トントントンと画面をタップし、好子はロックを解除させる。次に出てきたのは同じ水族館で撮った好子と一也の写真だった。見た目は今とそう変わりないから最近撮ったものであることが窺える。
「これは…?」
「毎年、愛の命日の頃に二人で水族館に行ってるの。あの子、ここが好きだから行けば愛に会えるんじゃないかなって思ったりしてね」
「そうだったんですね…あの、今年も行くんですか?」
「ええ、そのつもりよ」
「…私も、一緒に行ってもいいですか?」
「いいよって言いたいが、申し訳ない。うちの車は二人乗りなんだよ」
そう言って一也は赤い車を指差す。軽のスポーツカーだから定員は2名と切り詰められている。車高を落としたりエアロパーツをつけたりと、相変わらずだなと愛は思う。

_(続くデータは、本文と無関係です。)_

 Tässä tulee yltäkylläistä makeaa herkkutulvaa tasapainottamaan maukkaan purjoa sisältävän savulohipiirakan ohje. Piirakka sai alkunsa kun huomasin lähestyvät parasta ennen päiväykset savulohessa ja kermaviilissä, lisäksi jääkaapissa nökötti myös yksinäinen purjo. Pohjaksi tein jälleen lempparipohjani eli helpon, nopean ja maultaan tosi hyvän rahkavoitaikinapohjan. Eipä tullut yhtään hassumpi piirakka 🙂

「大丈夫です、私誕生日来たらバイクの免許取るので、ついていきます」
「バイクって原付かい?」
「いえ、中型取ります!中型なら高速もいけますし」
「本当かい?結構中型重いよ?」
「そうみたいですけど…がんばります」
「その次の年は私もご一緒してもいいですか?あ、お邪魔ですかね?」
「そんなことないわ。みんなで行った方が楽しいし、いいでしょ?」
「そうだなぁ、未成年はバイクの高速二人乗りダメだったと思うから…四人の時はレンタカーで行くとするかな」
「はい、楽しみにしてます」
「由香ちゃんも予定が合えば一緒にね」
「はい、よろしくお願いします」
と。空に一筋の光が登る。消えたと思ったその刹那、パッと夜空を花火が彩る。話し込むうちに打ち上げの時刻となったようだ。
「あら、始まったのね」
「やば、準備しなきゃ」
石井は慌ててリュックを下ろして準備を始める。ホテルで望遠レンズに付け替えてきたので三脚の組み立てに取り掛かる。
「綺麗ね」
「そうですね。毎年、ここで見てるんですか?」
「ええ。あの子もここで花火を見るのが好きだったから」
「私も好きです。すごく、綺麗だから」
「ほんとに、愛そっくりね」
「だな」
事前に好子から聞いていたとはいえ、会って間もないというのに父も葵と馴染んでいた。実際に会って、葵の空気に触れて感じるものがあったのだろう。母と比べると少し距離は離れているものの、親子三人が揃った形となる。三人とも並んで夜空を、花火を見上げていた。
カシャ、カシャと時折シャッター音が聞こえる。カメラの準備を終えた石井が花火に合わせてシャッターを切っていた。望遠と広角の二台を使い分けていた。
初夏の山を吹き抜ける風はひんやりとしていた。それでも、この風も、街並みも、花火も。隣に並んで立つ両親も変わらない。
葵は…愛は望んでいたものに触れたような気がしていた。まだ全てを打ち明けたわけではない。
それでも、葵の中に存在する愛を感じ取ってもらえている。その事だけで葵の思いは満たされていた。
この時がずっと続いてほしい。終わってほしくない。
花火よ、終わらないでと願いながら、ずっと夜空を見上げていた。